• **Input records**
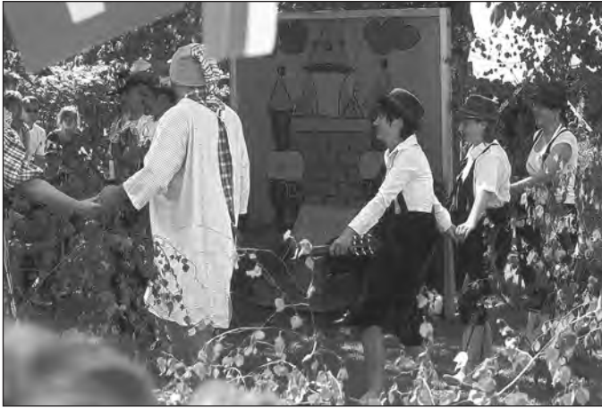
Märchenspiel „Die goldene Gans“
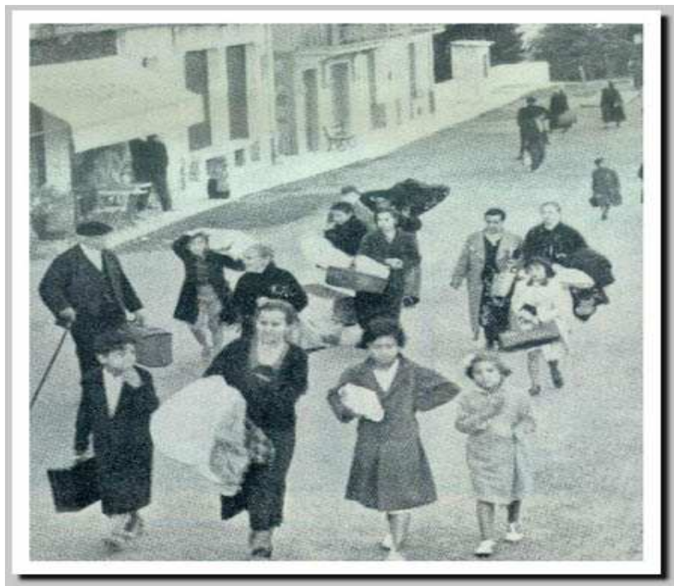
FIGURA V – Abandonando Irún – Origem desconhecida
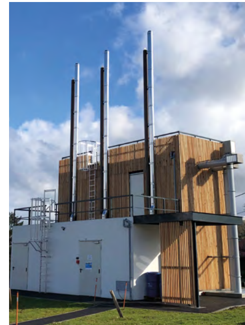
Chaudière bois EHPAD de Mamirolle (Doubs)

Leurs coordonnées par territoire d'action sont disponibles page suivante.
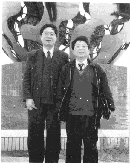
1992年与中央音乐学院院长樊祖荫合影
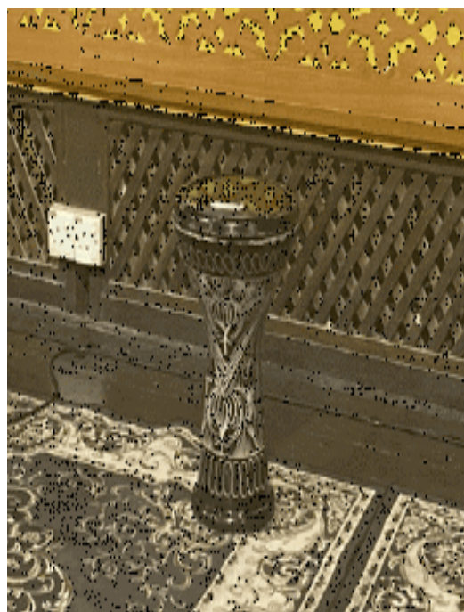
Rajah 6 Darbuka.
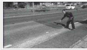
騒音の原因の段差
* * *
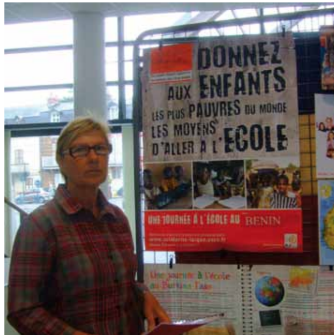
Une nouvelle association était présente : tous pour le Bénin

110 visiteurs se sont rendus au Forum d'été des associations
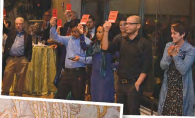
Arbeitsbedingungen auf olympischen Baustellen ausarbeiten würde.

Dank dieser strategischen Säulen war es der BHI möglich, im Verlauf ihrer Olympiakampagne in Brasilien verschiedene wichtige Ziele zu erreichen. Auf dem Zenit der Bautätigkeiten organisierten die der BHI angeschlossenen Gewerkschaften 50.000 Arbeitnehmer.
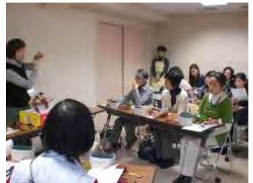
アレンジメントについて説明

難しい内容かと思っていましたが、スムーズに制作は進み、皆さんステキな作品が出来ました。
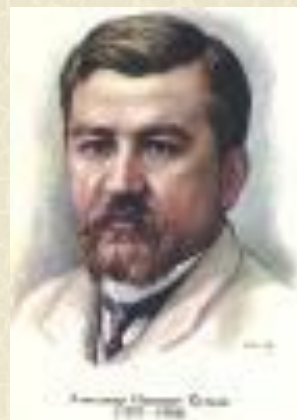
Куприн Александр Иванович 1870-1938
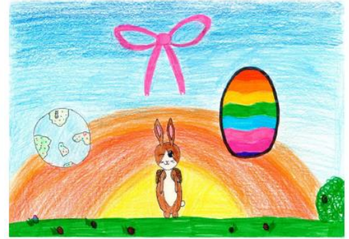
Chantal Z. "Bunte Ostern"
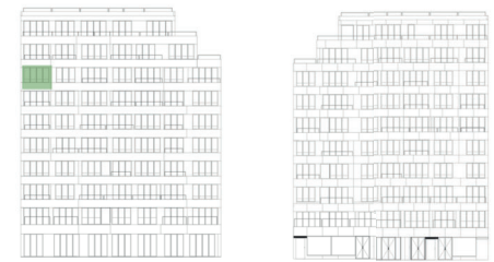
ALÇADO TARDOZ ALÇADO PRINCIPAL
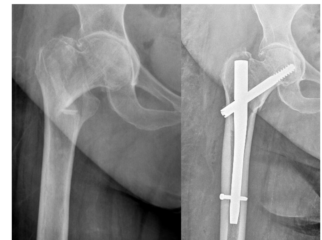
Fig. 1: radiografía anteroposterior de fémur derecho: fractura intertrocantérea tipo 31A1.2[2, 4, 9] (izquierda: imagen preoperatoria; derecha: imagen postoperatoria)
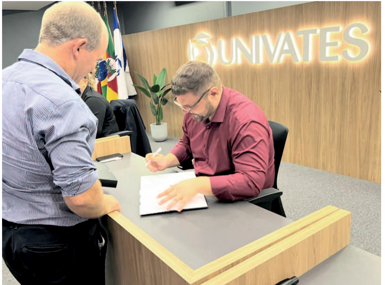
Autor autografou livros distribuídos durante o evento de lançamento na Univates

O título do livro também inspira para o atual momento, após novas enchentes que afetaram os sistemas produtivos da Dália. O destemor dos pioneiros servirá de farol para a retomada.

• **Problem to work on**
In the entries above, every line from the line with "Fig. 1: radiografía" to the line with "O título do" is to be printed exactly, with both ends included and pictures excluded.

• **Problem solution**
Fig. 1: radiografía anteroposterior de fémur derecho: fractura intertrocantérea tipo 31A1.2[2, 4, 9] (izquierda: imagen preoperatoria; derecha: imagen postoperatoria)
Autor autografou livros distribuídos durante o evento de lançamento na Univates

O título do livro também inspira para o atual momento, após novas enchentes que afetaram os sistemas produtivos da Dália. O destemor dos pioneiros servirá de farol para a retomada.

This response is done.